The diagrams in Fig. 8C and D summarize the analysis of all the results obtained here. The grey area in the diagram presents the yield of globular A3G structures, calculated to be 35% for the 69 nt tail ssDNA substrate (A) and 65% for the 25 nt tail ssDNA substrate (B). The estimated lifetime for the globular A3G structure in complex with the 69 nt tail ssDNA (∼0.39 ± 0.06 s) tends to be less than that with the 25 nt tail ssDNA substrate (∼1.29 ± 0.09 s). The shorter lifetime for the globular structure correlates with the reduced yield of the globular structure compared to the dumbbell structure for the A3G–69 nt ssDNA complexes. The blue and orange areas together show the yield of dumbbell structures for long and short ssDNA substrates to be 65% and 35%, respectively, with a tendency toward increased lifetimes for the dumbbell structures in complex with 69 nt ssDNA (∼0.64 ± 0.03 s) compared with a shorter ssDNA substrate (0.42 ± 0.01 s). These results show the correlation between the yield of dumbbell and globular structures of A3G and their lifetime on the different ssDNA substrates.

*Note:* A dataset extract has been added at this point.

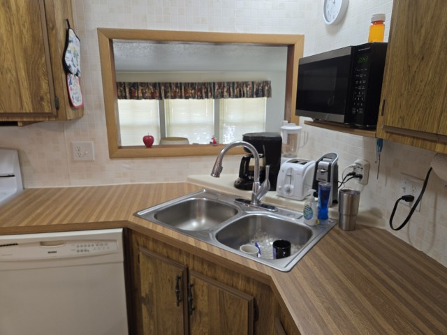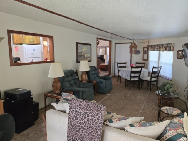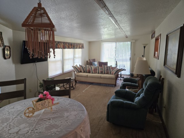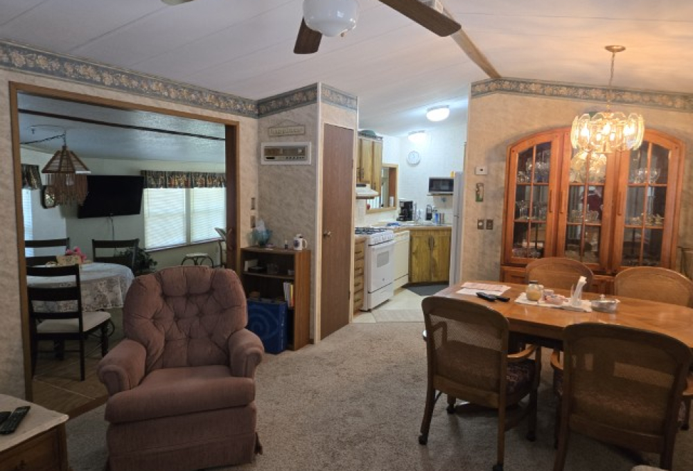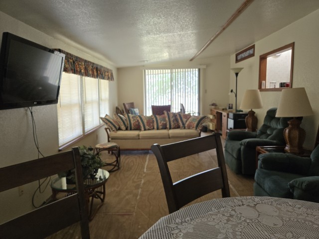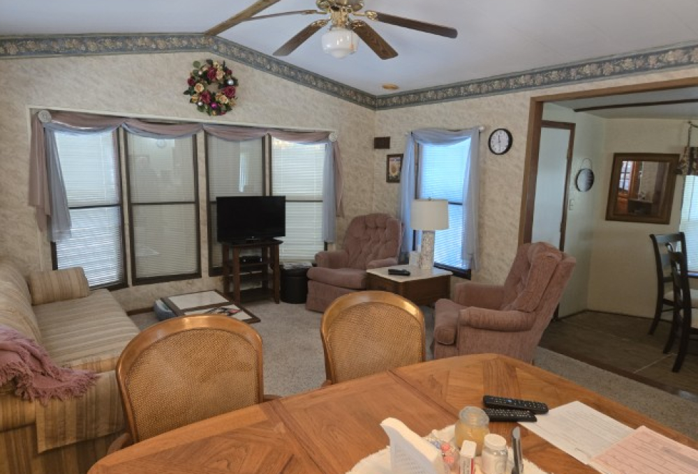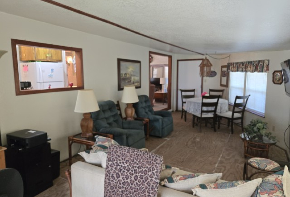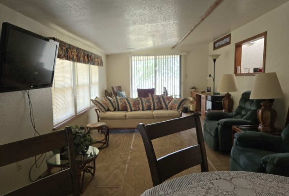 This charming 14' x 44' mini mobile offers 616 sq ft of comfortable living space, plus a huge 12' x 30' Texas Room addition that brings the total to nearly 1,000 sq ft of usable space. Located in the ever popular Sunshine Resort Park, this home sits at the end of a quiet dead end street and features a private back patio, giving you a little extra peace and privacy within this vibrant 55+ community.

As shown in Fig. 8A and B, the two distinct peaks for h1[thin space (1/6-em)]:[thin space (1/6-em)]h2 values, shown for the long and short ssDNA substrates, demonstrate different positions of A3G domains on the ssDNA substrate. Indeed, when both domains are bound to the ssDNA substrate, the h1[thin space (1/6-em)]:[thin space (1/6-em)]h2 ratio is close to one, compared to the h1[thin space (1/6-em)]:[thin space (1/6-em)]h2 ratio equal to 1.3 when one of the domains is unbound to the substrate. In addition to the position of the domains in dumbbell structures of A3G in A3G–ssDNA complexes discussed above, the areas under peak 1 and peak 2 (Fig. 8A and B) indicate the different number of events for bound and unbound domains for long and short ssDNA substrates. Indeed, for a long substrate, the ratio between areas under peak 1 and peak 2 is 1.8, indicating an almost twice greater number of events when both A3G domains are positioned on the ssDNA compared to one of the domains being unbound. The blue and orange areas in Fig. 8C show such a distribution to be 42% for both domains bound to the ssDNA substrate (blue area) vs. 23% for the unbound one (orange area). For a short ssDNA substrate (Fig. 8D), the ratio between areas under peak 1 and peak 2 is 1.1, demonstrating a practically equal number of events for A3G domains positioned on the substrate and for one domain unbound, as shown in blue (18%) and orange (17%) areas in the diagram, respectively.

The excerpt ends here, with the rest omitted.